Chapter 14

Strolling into the dining room that night mentally preparing myself for another heinous “family” dinner with Byron and my mother, I faltered a step when I found Dacre, Sin, and Presley there, and Byron and my mother absent.

I glanced at the time on my phone. “Byron demanded we all be here at eight for dinner then doesn’t show?”

Pres snorted a laugh. “He’s on the path to Governor now, Sass. He doesn’t have time for little, inconsequential people like us.”

It was said in humor, but I could see the hurt beneath it.

“Unless it’s for a photo op,” Dacre said, raising his glass in Presley’s direction.

Pres raised his glass in return, which was thankfully filled with water.

My gaze fell to Dacre, surprised at his overt jab at Byron.
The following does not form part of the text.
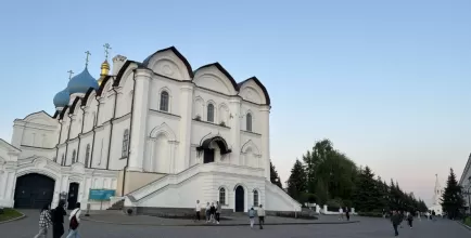 Первая часть — Казанский Кремль. Экскурсия перенесет во времена Ивана Грозного и царицы Сююмбике. Осмотр белокаменных стен, мечети Кул-Шариф и Благовещенского собора (при возможности входа), усыпальниц ханов и легендарной башни Сююмбике.
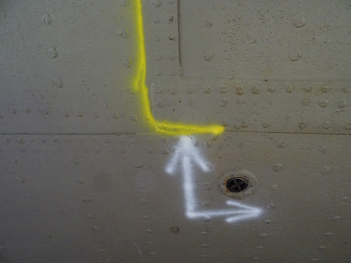 Isbrytaren SANKT ERIK på Stockholms Reparationsvarv. Spraymarkeringar på skrovsidan.

His art show was this weekend. Was the pressure of the event bringing all his resentment towards his father to the surface? I’d hardly blame him if it did.

“Without Byron and Bea, we get dinner with Dempsey all to ourselves,” Sinclair said, lifting his glass to his mouth and watching me over the rim.
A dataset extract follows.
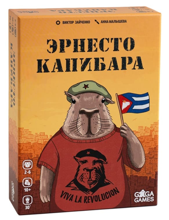 «Эрнесто Капибара» - веселая и динамичная карточная игра, в которой игрокам предстоит предстать в роли капибар, за чьим добродушием и улыбочками скрываются прирождённые интриганы и манипуляторы. Здесь вы сможете почувствовать себя настоящим мастером скрытой манипуляции и тайных заговоров, а главная цель каждого игрока – устроит революцию, ничего не делая самостоятельно.

The four of us were seen out in public often, especially now that Byron was trotting us out like prized ponies for endless photo ops.

But we never got to be out in public on our terms. I couldn’t sit in Presley’s lap, or stroke Dacre’s hair or have Sinclair feed me.

Eating dinner together here wasn’t the same, but at least with Byron and my mother absent, we didn’t have to hide our real feelings.

I could flirt with them over our first course if I wanted to, and the mood in the room was instantly lighter because of it.

When the food was brought in by the service staff and placed in front of us, we all fell silent.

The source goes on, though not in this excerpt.